In the 21st century, aquaculture developers will need to spend as much time on the technological advances coming to the field as they do in designing ecological approaches to aquaculture development that clearly exhibit stewardship of the environment. For aquaculture development to proceed to the point where it will be recognized worldwide as the most efficient contributor to new protein production, clear, unambiguous linkages between aqua-culture and the environment must be created, fostered, and communicated. And the complementary roles of aquaculture in contributing to environmental sustainability, rehabilitation, and enhancement must be developed and clearly articulated to a highly concerned, increasingly educated, and involved public (Costa-Pierce, 2008).

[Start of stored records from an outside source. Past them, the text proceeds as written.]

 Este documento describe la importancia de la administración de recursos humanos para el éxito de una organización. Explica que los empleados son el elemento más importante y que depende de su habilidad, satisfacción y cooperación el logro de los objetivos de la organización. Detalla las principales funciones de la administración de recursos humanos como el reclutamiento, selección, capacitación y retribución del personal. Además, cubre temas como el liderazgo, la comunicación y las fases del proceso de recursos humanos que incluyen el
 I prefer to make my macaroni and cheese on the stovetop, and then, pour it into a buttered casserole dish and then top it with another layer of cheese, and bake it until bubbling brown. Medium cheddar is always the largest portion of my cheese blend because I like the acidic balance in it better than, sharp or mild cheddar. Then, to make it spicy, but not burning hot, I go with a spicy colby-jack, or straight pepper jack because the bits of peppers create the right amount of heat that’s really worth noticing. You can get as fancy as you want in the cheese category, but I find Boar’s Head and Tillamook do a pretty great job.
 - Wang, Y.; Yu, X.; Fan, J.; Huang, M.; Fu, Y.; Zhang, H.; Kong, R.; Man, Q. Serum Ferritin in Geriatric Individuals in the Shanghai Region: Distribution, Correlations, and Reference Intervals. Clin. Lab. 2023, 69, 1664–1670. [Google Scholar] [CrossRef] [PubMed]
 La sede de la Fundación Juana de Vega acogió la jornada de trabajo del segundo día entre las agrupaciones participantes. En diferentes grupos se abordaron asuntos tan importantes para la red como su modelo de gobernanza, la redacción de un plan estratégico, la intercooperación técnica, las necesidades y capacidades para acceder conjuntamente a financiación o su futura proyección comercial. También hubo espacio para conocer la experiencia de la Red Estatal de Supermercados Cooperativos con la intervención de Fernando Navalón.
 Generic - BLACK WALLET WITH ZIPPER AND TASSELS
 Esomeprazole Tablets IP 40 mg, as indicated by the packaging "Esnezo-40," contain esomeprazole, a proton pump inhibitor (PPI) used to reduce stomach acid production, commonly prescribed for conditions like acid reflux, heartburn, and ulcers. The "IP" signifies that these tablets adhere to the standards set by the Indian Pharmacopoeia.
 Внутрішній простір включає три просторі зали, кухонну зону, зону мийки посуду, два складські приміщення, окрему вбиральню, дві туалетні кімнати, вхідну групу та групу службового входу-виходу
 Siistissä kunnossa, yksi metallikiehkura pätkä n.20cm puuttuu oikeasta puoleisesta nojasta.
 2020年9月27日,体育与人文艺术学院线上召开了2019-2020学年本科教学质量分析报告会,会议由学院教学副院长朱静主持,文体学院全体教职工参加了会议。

In Rhode Island, the R.I. Coastal Resources Management Council (CRMC)—the state’s lead aquaculture regulatory and management agency—has made important strides toward implementing the principles of an EAA. The Rhode Island Aquaculture Initiative demonstrated the simultaneous economic and environmental benefits of shellfish aquaculture in state waters (Tallman and Forrester, 2007). Combined with improved market demands, water quality, and new technologies, CRMC received a number of applications for new and expansion of existing shellfish farms, especially in Rhode Island’s coastal lagoons. Recognizing the potential for user conflicts (social issues) and the need to better determine ecological carrying capacities, in 2007, the CRMC Working Group on Aquaculture Regulations decided to take another important step towards implementing an EAA by forming a working group to develop information on the limits to aquaculture development in Rhode Island. One subcommittee report summarized issues of water quality, diseases, invasive species, physical impacts of aquaculture gear, essential fish habitat, carrying capacity, and provided guidance on an EAA (Bengtson et al., 2007).
For your reference:
Bengtson, D., B. Costa-Pierce, M. Gomez-Chiarri, D. Leavitt, B. Murphy, P. Raso, R. Rheault, and A.J. Wood. 2007. CRMC Working Group on Aquaculture Regulations, Subcommittee on Biology: Draft Report on Biological Impacts of Aquaculture. R.I. Coastal Resources Management Council, Wakefield, R.I.
Costa-Pierce, B.A. 2008. An Ecosystem Approach to Marine Aquaculture. U.N. Food and Agriculture Organization, Rome, Italy. In press.
Soto, D. 2008. Principles of an Ecosystem Approach to Aquaculture. U.N. Food and Agriculture Organization, Rome, Italy. In press.
Tallman, J.C. and G.E. Forrester. 2007. Oyster grow-out cages function as artificial reefs for temperate fishes. Transactions of the American Fisheries Society 136:790–799.
U.N. Food and Agriculture Organization, Network of Aquaculture Centers in Asia, U.N. Environment Programme, The World Bank, and World Wildlife Fund. 2006. International Principles for Responsible Shrimp Farming. Network of Aquaculture Centers in Asia, Bangkok, Thailand.
—Barry A. Costa-Pierce is Director of Rhode Island Sea Grant and a URI Fisheries, Animal and Veterinary Science Professor.